→ **Problem statement**
You are asked to filter the data below and copy every line holding "with".

= = =

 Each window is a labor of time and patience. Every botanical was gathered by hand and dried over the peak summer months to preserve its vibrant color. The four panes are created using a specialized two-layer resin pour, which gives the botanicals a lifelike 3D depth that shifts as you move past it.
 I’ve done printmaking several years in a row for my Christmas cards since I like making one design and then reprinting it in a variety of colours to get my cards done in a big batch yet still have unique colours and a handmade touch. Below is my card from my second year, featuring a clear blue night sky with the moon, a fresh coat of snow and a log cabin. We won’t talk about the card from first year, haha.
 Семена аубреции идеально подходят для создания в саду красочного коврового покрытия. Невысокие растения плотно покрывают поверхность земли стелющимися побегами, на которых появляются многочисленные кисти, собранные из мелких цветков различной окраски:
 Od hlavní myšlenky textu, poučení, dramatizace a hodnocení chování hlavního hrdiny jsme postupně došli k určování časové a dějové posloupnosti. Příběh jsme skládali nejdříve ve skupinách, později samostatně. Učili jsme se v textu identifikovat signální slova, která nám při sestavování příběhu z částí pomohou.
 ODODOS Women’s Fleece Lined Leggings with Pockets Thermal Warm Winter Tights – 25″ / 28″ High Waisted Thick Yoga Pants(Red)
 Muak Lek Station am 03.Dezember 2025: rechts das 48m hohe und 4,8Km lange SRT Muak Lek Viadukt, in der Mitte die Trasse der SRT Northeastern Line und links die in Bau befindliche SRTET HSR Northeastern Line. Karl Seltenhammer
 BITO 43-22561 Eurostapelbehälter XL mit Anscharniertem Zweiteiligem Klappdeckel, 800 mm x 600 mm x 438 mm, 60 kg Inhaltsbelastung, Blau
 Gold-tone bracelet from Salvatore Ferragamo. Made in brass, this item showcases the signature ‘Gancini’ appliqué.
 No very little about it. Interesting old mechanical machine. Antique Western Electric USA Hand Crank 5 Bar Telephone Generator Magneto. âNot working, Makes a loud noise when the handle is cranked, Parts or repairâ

= = =

→ **Task solution**
 I’ve done printmaking several years in a row for my Christmas cards since I like making one design and then reprinting it in a variety of colours to get my cards done in a big batch yet still have unique colours and a handmade touch. Below is my card from my second year, featuring a clear blue night sky with the moon, a fresh coat of snow and a log cabin. We won’t talk about the card from first year, haha.
 ODODOS Women’s Fleece Lined Leggings with Pockets Thermal Warm Winter Tights – 25″ / 28″ High Waisted Thick Yoga Pants(Red)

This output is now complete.